強制的にこれらの税金が徴収されますし、預貯金の利子は申告分離課税ですので、あらためて確定申告をする必要はありません。
そもそも申告することができません。

預貯金の受取利息・受取利子から税金が控除された時点で、課税関係は終了しています。

このような税金の納税方法を「源泉分離課税」といいます。


海外預金の受取利息・利子は、総合課税で申告が必要


同じ預貯金の利子でも、海外の銀行に預金した利子は、利子所得として分類され、総合課税の扱いとなっています。

海外預金の受取利息・利子が、国内預金の受取利息・利子のように、源泉分離課税ではなく総合課税となっているのは、海外の金融機関からは源泉徴収することができないからです。

受取利息・受取利子は、円に両替するしないにかかわらず、支払われた時点で所得と認識されます。

その日の為替レートで円に換算し、他の所得と合算して確定申告することが必要です。




まとめ


友人などへの貸付金に対して受け取った利息・利子については、「雑所得」として原則確定申告が必要です。

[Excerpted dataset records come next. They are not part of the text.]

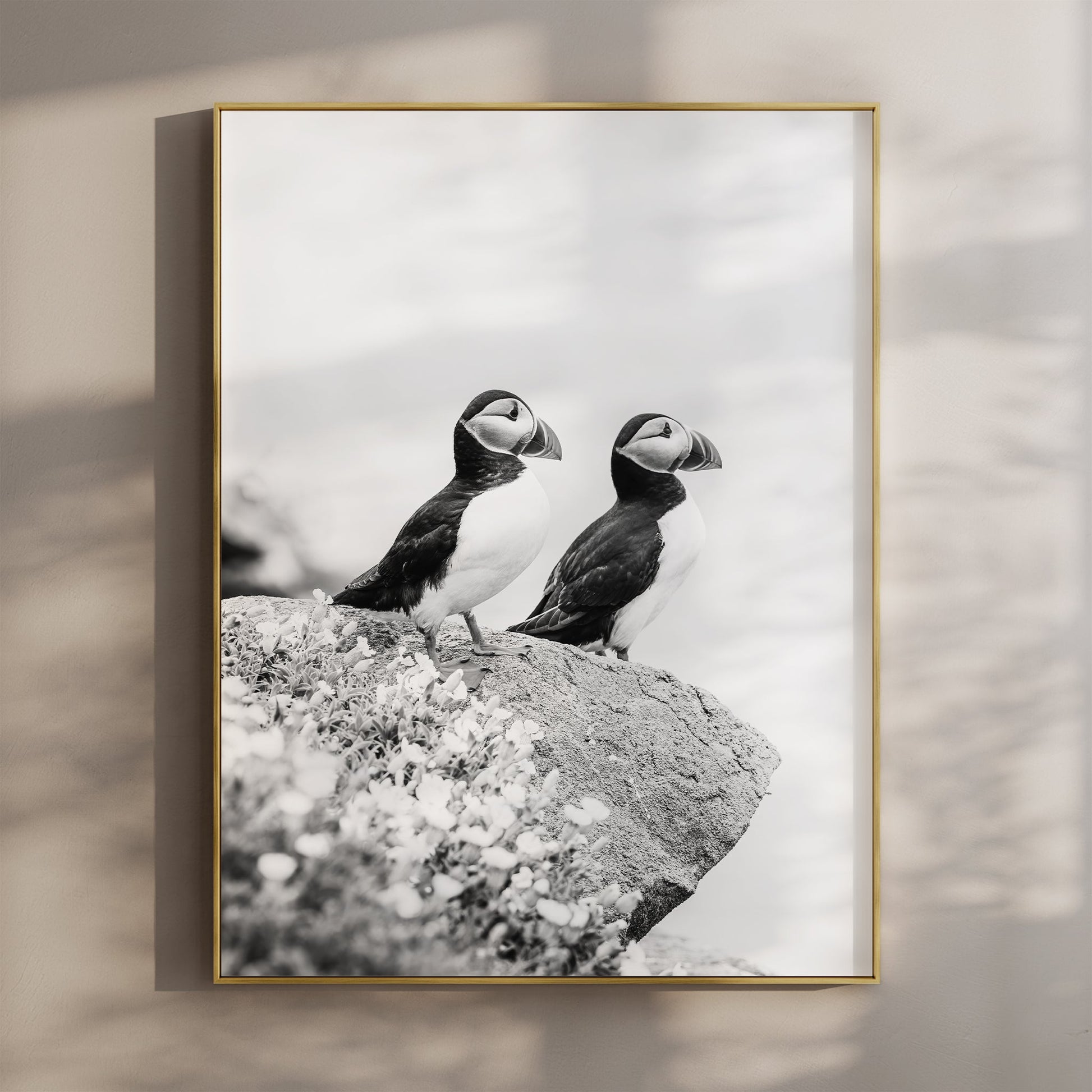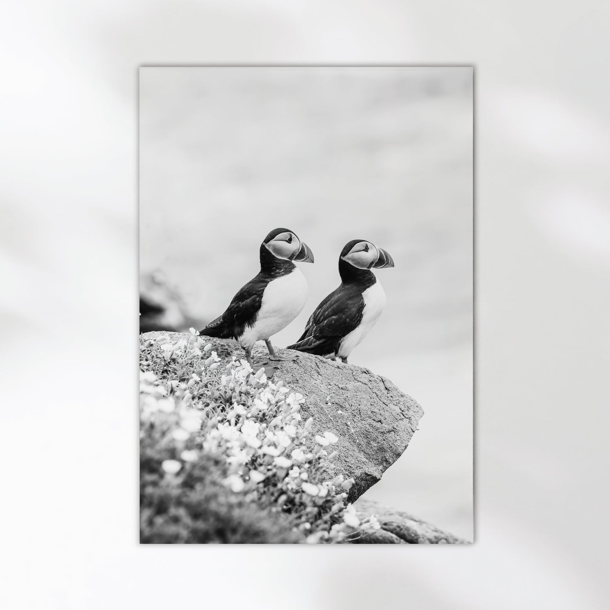 A pair of puffins stands poised on a rocky Irish cliff, captured in a striking black and white composition. This minimalist wildlife print blends soft textures and crisp contrast, making it a versatile piece for nature lovers or monochrome interior design. A quiet moment of wild beauty, perfect for calm, modern spaces.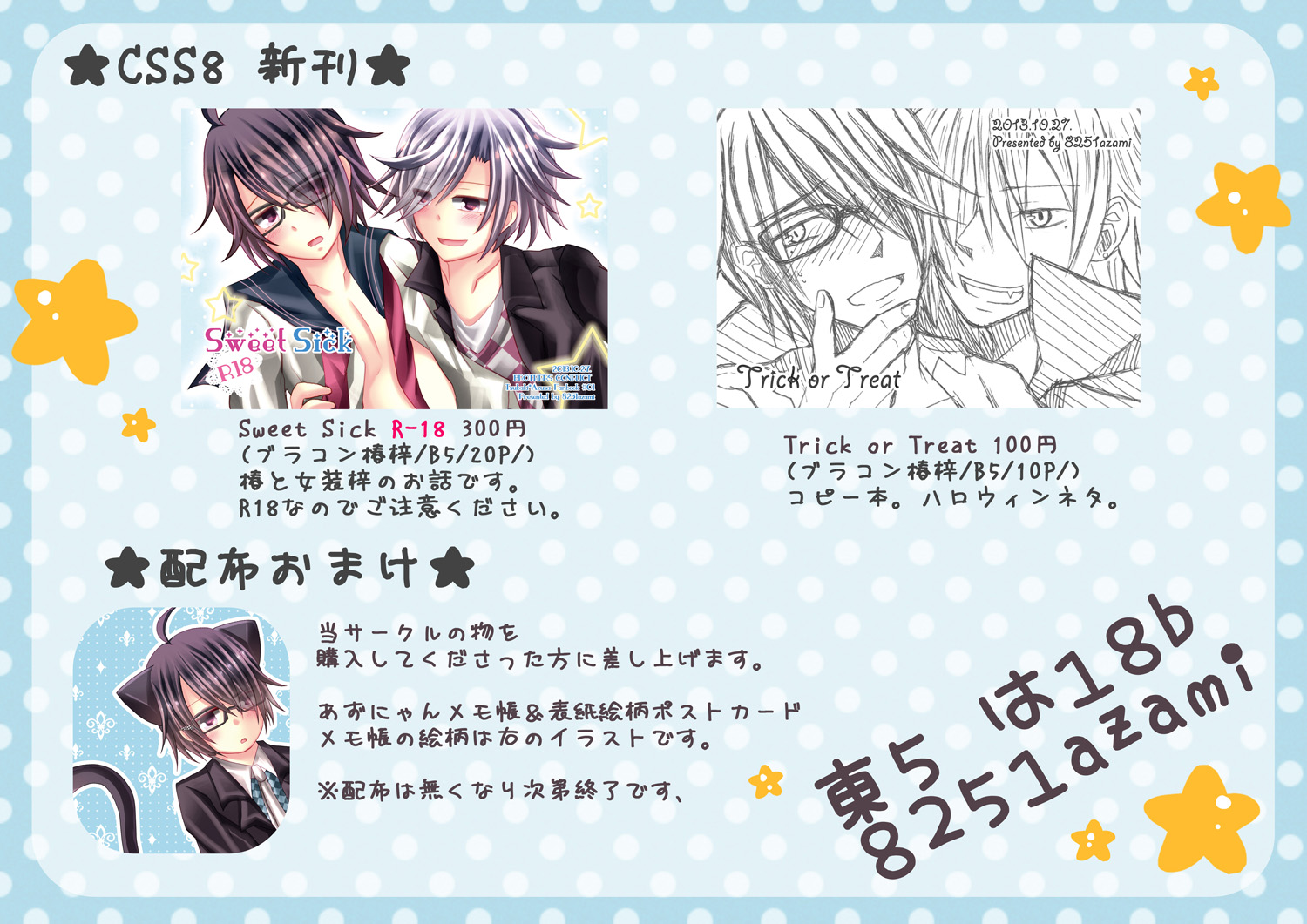 新刊は、R-18椿梓本と椿梓コピー本です。
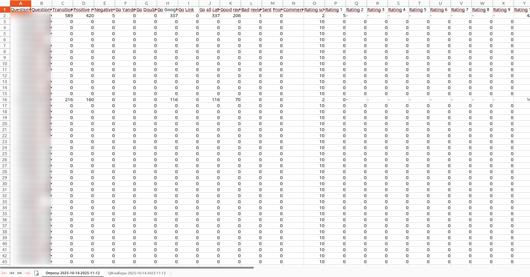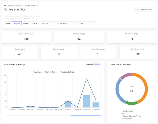 - Catalog visits - the number of clicks from the survey to main directories (Google, Yandex, 2GIS (URBI)) or via your link.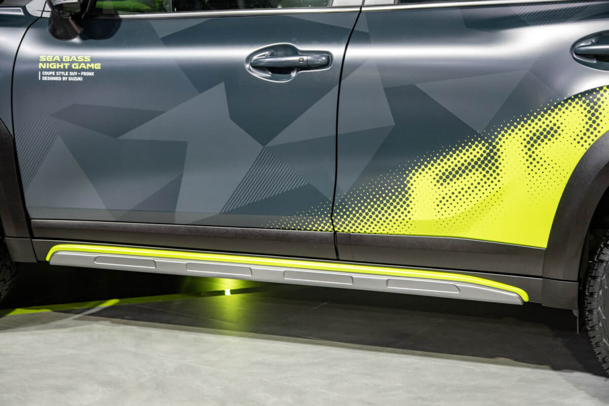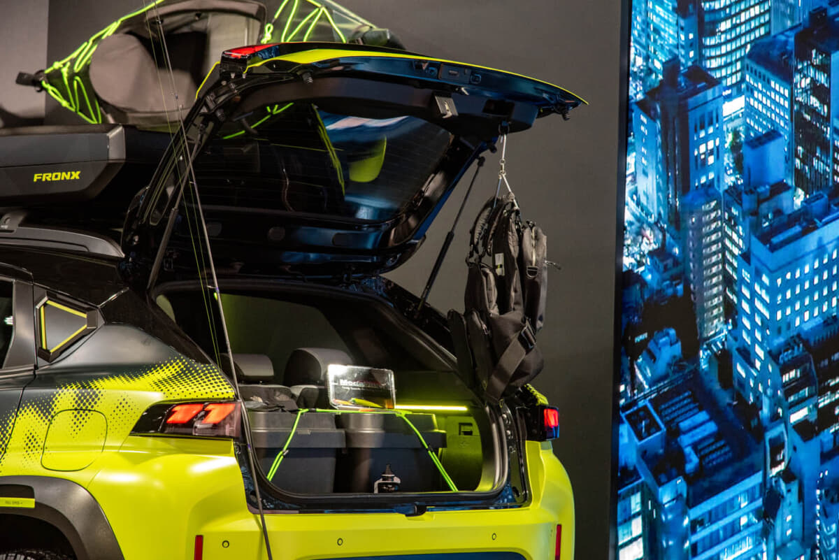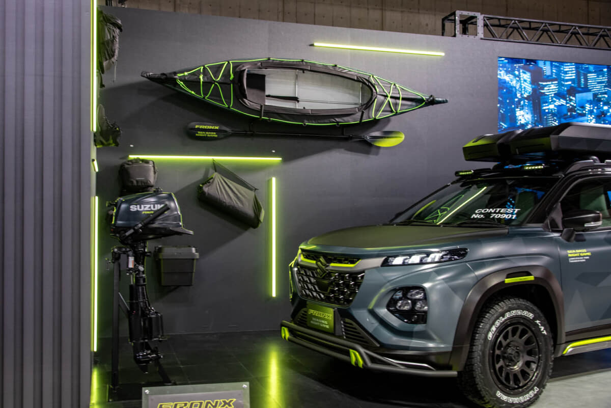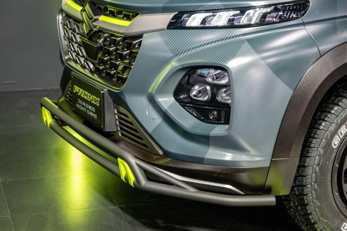 まず「フロンクス」のカスタマイズカーについてだ。こちらは「シーバスナイトゲーム」と名付けられている。その使用イメージは「都会で働く若者が、仕事終わりや週末にアウトドアで遊ぶ」といった感じだ。とくに仕事終わりに夜釣りにいくというイメージを、最も具体的にイメージしたようだ。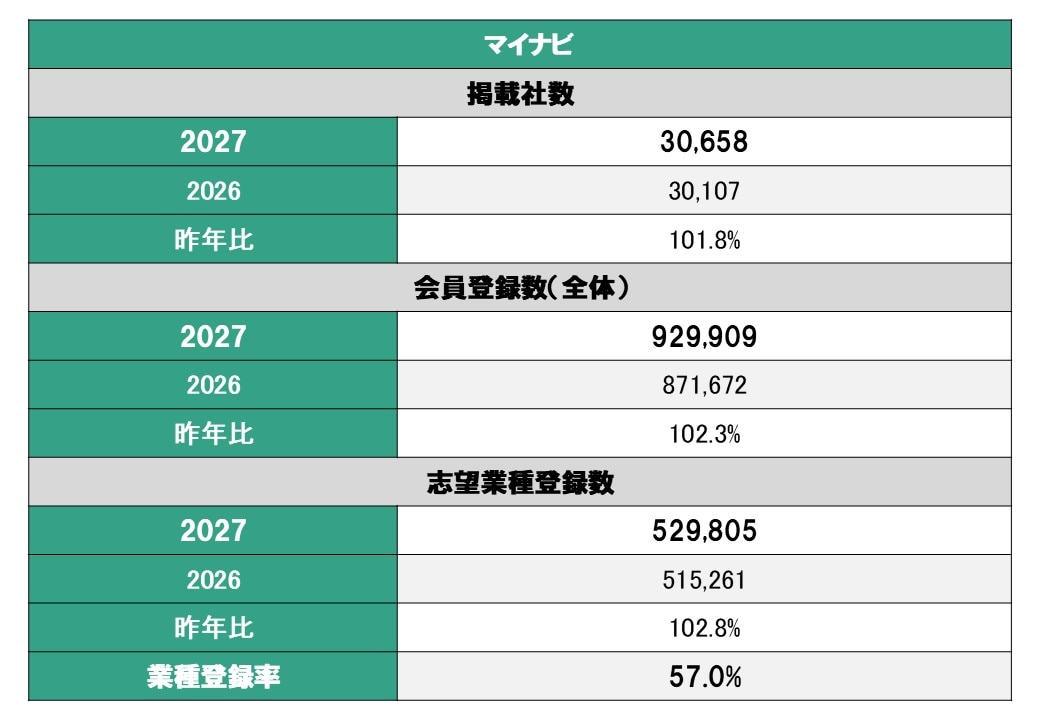 マイナビは過去6年で最大の掲載社数となり、ナンバー1サイトの地位は不動のものになりつつあります。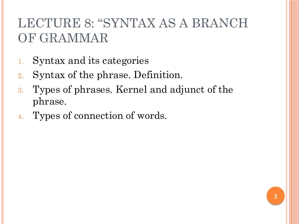 Syntax and its categories Syntax of the phrase. Definition. Types of phrases. Kernel and adjunct of the phrase. Types of connection of words. 2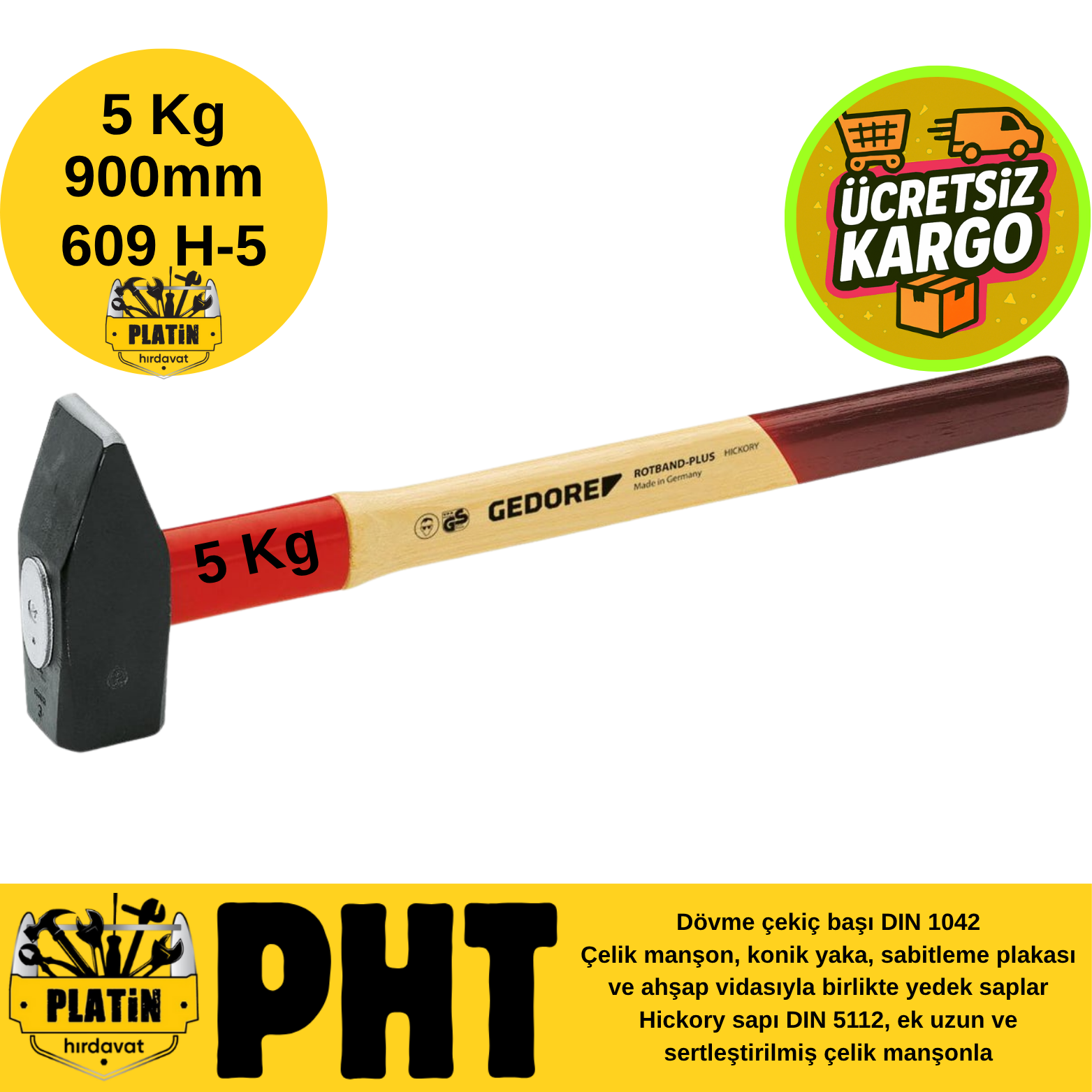 GEDORE Balyoz 609 H-5 ROTBAND-PLUS 5 kg, 900 mm

国内の金融機関の預貯金に対してついた受取利息・利子についても、貸付金利息・利子と同じように「雑所得」に分類されますが、これは源泉分離課税となっていて、預金利息・利子から所得税などが強制的に控除され、確定申告は不要でした。

同じ預貯金に対する受取利息・受取利子でも、海外の金融機関の預金についた受取利息については、確定申告が必要でした。

上記を参考に、これらの区分を間違えることなく、申告が必要であれば、翌年3月15日までに税務署へ確定申告書を提出してください。